Post Offense Tips of the Week Achive

June 23th, 2011

Don't Draft Perimeter Centers
Getting a center who is versatile, can handle the basketball and shoot from outside in the draft is pretty much a waste of time. Paul Gasol, Dirk, Darko, Bargnani, Bogut, Yao Minh, Iigauskas, and most international centers fits in the don't draft perimeter center category. None of these players and their predecessor have been overly effective for their teams except for Dirk. Even with him, the Mavericks had to wait almost thirteen years for him to come along. When a 6'10"-6'11" player is roaming around in the perimeter shooting jump shots, he is defendable by smallest more athletic big guards and small forwards. This in turn creates a major problem on defense because they have to guard smaller, quicker players. Their defensive liability outweighs their offensive outputs, thus rendering their presences on the court ineffective. If you are going to draft a perimeter player, pick a true perimeter player instead of somebody masquerading as a wing player only to take up space at the end of the bench and eat-up valuable salary cap.

June 10th, 2011

Reading the Defense and Responding, not Reacting
How many times have you heard a coach yell, "Read the defense before reacting." First things first, don't react to an action, respond. Human reacts when they are scared, however, they respond when calm and have an alternative. When a post player understands the scoring options.....

May 6th, 2011

Why is the Sky Hook Shot difficult to Defense?
Many experts have offered their theories of why the sky hook shot is difficult to defend, however, none of them have really studied the shot exhaustively to offer meaningful explanation . I read and listened to Kareem Abdul-Jabbar reasons on Youtube why the shot is difficult to defense without much conviction. Here is Kareem version of why it is almost impossible to shop the sky hook shot....

April 30th, 2011

Keeping the Center Relevant in the Game
Even though the game has changed over the years and more emphasis is now placed on perimeter play, post offense still remains the focal point of the game in the playoff when it counts the most. Teams that score the most points in the paint regardless end up winning because they shoot a better percentage. In the good old days post players lasted an average of 18 years in the league because they took their time playing by relying more on developed skills as compared to today's natural and physical abilities. In today's game where the centers want to play like a guard-forward, their life spans are reduced to a little more than 8 effective years because their body cannot physically handle the rigorous style of play. Post players will always be the focal point of the game of basketball. Teams that recognize this will go further in the playoffs, and center that stay true to the game will realize a better return for their effort. See my four new posting on Youtube headed by the spin move. These skills will go a long way to keep the post playre relevant in today's changing style of play.

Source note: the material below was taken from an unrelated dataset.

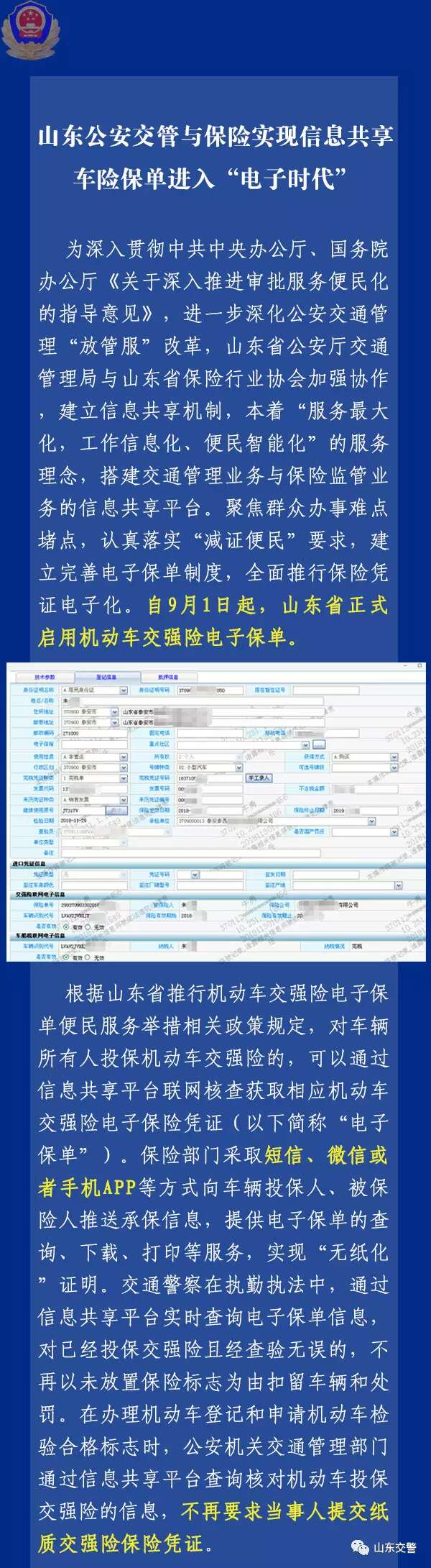 2018年,山东省公安厅交通管理局、山东省保险行业协会联合下发的“鲁公交﹝2018﹞59号”文件要求,自2018年9月1日起交管部门已实现在路面安全检查、交通事故处理、车辆登记年检等环节,实时获取交强险承保信息。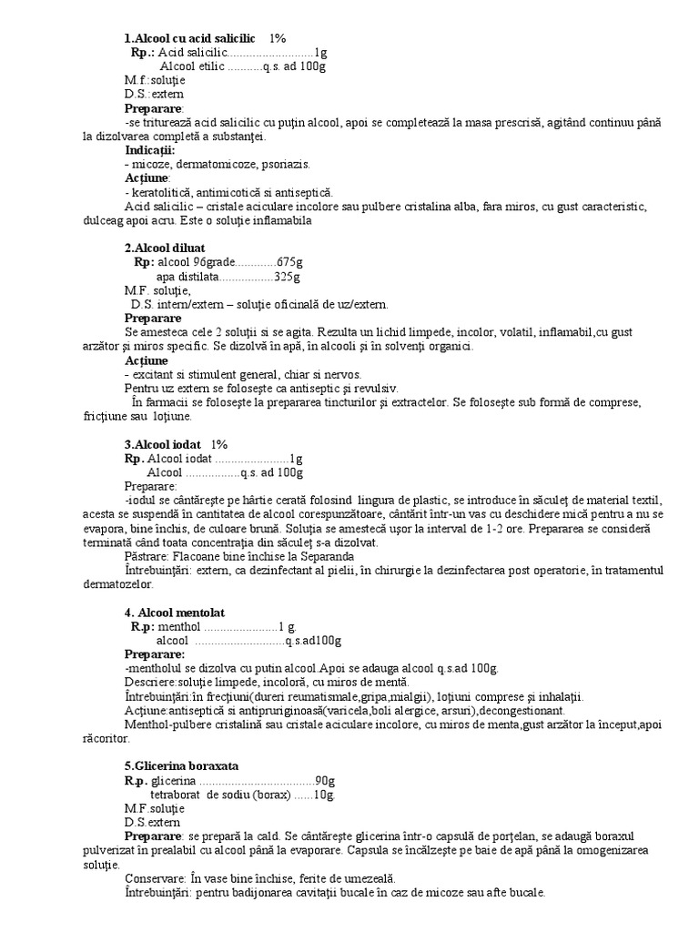 -se triturează acid salicilic cu puţin alcool, apoi se completează la masa prescrisă, agitând continuu până

The other three post skills are low post scoring options, shot fake, and pass fake moves.

See a clip of Joe Odhiambo on Restoration Road with Mitch Kruse when he visited Fort Wayne, Indiana on one of his many basketball/ministry outings.

April 27th, 2011

Pivoting in the Post, a Poor Move.
I have written about scoring options on my Blog a number of times, and I keep coming back to it repeatedly because the scoring options are the most important part of a post player's game. Here is some very surprising information about the scoring options that will blow you mind away. Remember Kareem Abdul-Jabbar? He is a legend and the NBA's all-time leader in points scored. I studied his basketball career and found some very interesting results. Kareem used only two of the 14 scoring options, and one of 10 post offense moves to dominant the paint like no center before and after him. Can you imagine how effective a post player would be if he learned just half of the scoring options to go with 3 or 4 post moves? See Post Offense to learn more about the 14 scoring options and 10 post moves.

April 23th, 2011

Pivoting in the Post, a Poor Move.
I have watched tons of basketball games in all levels of competitions, and I still don't understand why post player pivot to face the defensive player when they get the ball in the pain area. I guess that is what they are taught at big-men camp. If you really think about it, this action does not give the post player any offensive advantage. When you look at this action closely, a post player has only two options; passing to a cutting teammate and shooting an ill-fated jump shot. More reasons why this action is poor are:
  1. The post player is not quick enough most of the time to get by the defensive player.
  2. The post player has poor basketball handling fundamentals, thus he cannot use the dribble to get by the defensive player.
  3. The post player is a poor shooter, thus he can be guarded by a shorter player in the face up position.
Instead of getting into the face-up stance, the post player should get into the side, power position (inside shoulder pointing at the basket). This side power position offers the post player more options to dominate the defensive player. The post player can still locate a cutting teammate, has the dribble, and most important, he or she can use one of the 14 scoring options to dominate the paint. If you are having problems understanding what I am talking about, click side reverse dribble move You can also see the move on Youtube-clip.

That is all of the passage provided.